■ Brief ■
Retype only the lines below from the one with "Les cinq exemplaires" to the one with "Glary Tracks Eraser", inclusive, skipping every image.

━━ Extracted information ━━

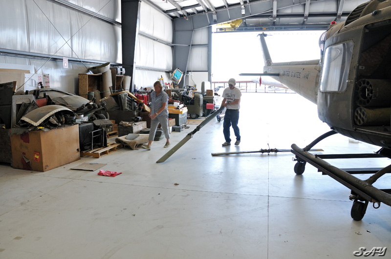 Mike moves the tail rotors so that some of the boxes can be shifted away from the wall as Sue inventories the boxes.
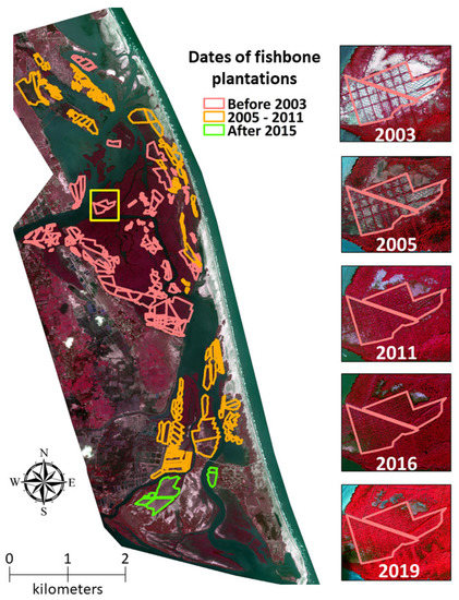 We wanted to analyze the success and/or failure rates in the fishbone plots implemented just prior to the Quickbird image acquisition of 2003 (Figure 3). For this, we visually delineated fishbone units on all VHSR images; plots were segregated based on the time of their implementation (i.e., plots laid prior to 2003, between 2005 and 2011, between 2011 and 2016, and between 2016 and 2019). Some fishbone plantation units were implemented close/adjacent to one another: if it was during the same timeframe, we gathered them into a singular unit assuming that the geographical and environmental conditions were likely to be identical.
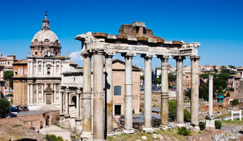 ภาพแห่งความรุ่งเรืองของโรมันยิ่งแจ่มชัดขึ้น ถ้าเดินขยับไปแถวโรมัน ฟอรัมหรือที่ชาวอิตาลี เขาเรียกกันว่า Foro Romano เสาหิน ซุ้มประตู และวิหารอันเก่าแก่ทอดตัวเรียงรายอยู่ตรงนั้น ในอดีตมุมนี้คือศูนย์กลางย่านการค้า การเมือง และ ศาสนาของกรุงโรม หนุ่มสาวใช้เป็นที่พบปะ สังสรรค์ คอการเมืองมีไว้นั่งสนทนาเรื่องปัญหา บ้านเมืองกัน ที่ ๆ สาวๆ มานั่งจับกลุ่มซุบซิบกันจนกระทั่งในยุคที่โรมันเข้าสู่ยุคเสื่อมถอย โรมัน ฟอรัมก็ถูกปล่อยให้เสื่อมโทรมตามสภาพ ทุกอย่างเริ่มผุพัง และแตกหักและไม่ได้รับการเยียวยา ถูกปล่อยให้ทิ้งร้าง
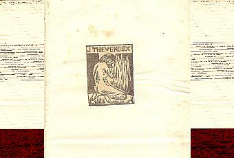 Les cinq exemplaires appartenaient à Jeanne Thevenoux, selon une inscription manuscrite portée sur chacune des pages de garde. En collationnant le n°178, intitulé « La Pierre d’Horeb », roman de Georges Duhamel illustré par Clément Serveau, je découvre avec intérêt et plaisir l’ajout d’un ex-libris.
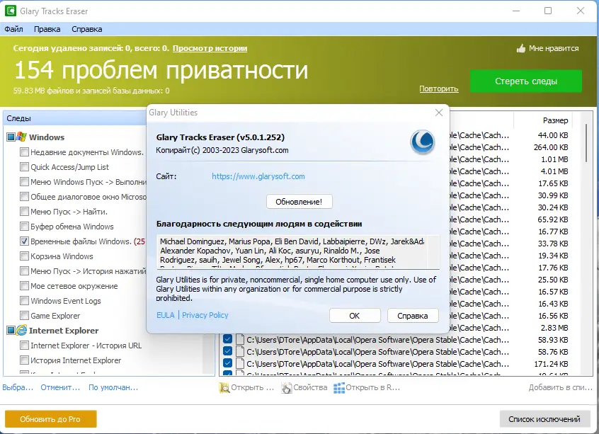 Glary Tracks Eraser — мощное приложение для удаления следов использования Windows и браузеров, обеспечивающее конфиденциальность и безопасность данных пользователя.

━━━
━━ Extracted information ━━

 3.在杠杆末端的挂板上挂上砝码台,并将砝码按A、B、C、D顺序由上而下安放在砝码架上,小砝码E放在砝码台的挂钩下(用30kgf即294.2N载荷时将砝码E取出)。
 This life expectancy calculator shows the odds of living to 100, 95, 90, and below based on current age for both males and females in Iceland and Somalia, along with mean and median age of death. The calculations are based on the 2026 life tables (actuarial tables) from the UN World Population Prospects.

━━━

■ Answer space ■
 Les cinq exemplaires appartenaient à Jeanne Thevenoux, selon une inscription manuscrite portée sur chacune des pages de garde. En collationnant le n°178, intitulé « La Pierre d’Horeb », roman de Georges Duhamel illustré par Clément Serveau, je découvre avec intérêt et plaisir l’ajout d’un ex-libris.
 Glary Tracks Eraser — мощное приложение для удаления следов использования Windows и браузеров, обеспечивающее конфиденциальность и безопасность данных пользователя.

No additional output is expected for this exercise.